Two primary challenges need to be addressed to improve our ability to monitor and quantify sources and transport of pollutants in agro-ecosystems using stable isotope tracers. The first lies in the reliable and routine use of stable isotope methods to identify pollutants and distinguish mixing from stable isotope fractionation. The second challenge lies in the comprehensive implementation of a multi-tracer approach relying on two or more elements and their stable isotope compositions to characterize and quantify sources and reactive transport of solutes in agro-ecosystems. In the present book, we address these two challenges by focusing on the stable H, C, N, O and S isotope compositions in several chemical compounds to trace and monitor sources and transport of macronutrients and micro-contaminants in soil and waters under different land uses and hydro-climatic conditions. Stable isotope tracers have great potential to improve the understanding, management and protection of surface and groundwater and to help in the qualitative and quantitative prediction of water resources. The six chapters included in this book present a critical overview of the stable isotope tracer methods forming a hydrochemical toolbox to be applied in the broad range of agro-contaminant studies. We thus anticipate that this book will stimulate researchers and managers to further develop and use hydrochemical and stable isotope techniques worldwide, complementarily to conventional monitoring and mass balance approaches.

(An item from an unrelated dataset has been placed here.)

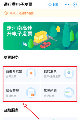打开这一功能,进入界面,你可以看到【我要开发票】、【我的发票】、【抬头管理】等选项,

The most commonly used analyses of the stable isotope composition are those of the solutes in water [δ(15N)NO3, δ(18O)NO3, δ(34S)SO4, δ(18O)SO4, δ(13C)DIC, δ(18O)PO4, δ(13C)pesticide, δ(15N)pesticide], the particulate organic matter [δ(13C)POM, and δ(15N)POM], together with water molecules [δ(2H)H2O and δ(18O)H2O], as well as chemical ion concentrations, and the major ion ratios (e.g., Na+/Ca2+, Cl/SO42−, Ca2+/SO42−). All these analyses are particularly useful for tracing the dynamics of pollution contributions from different sources, usually in reference to local baselines and the original signatures of the contributing pollution sources. The major advantages of stable isotope methods are their relatively low cost and high effectiveness, even when used in areas lacking long-term monitoring or a comprehensive sampling network.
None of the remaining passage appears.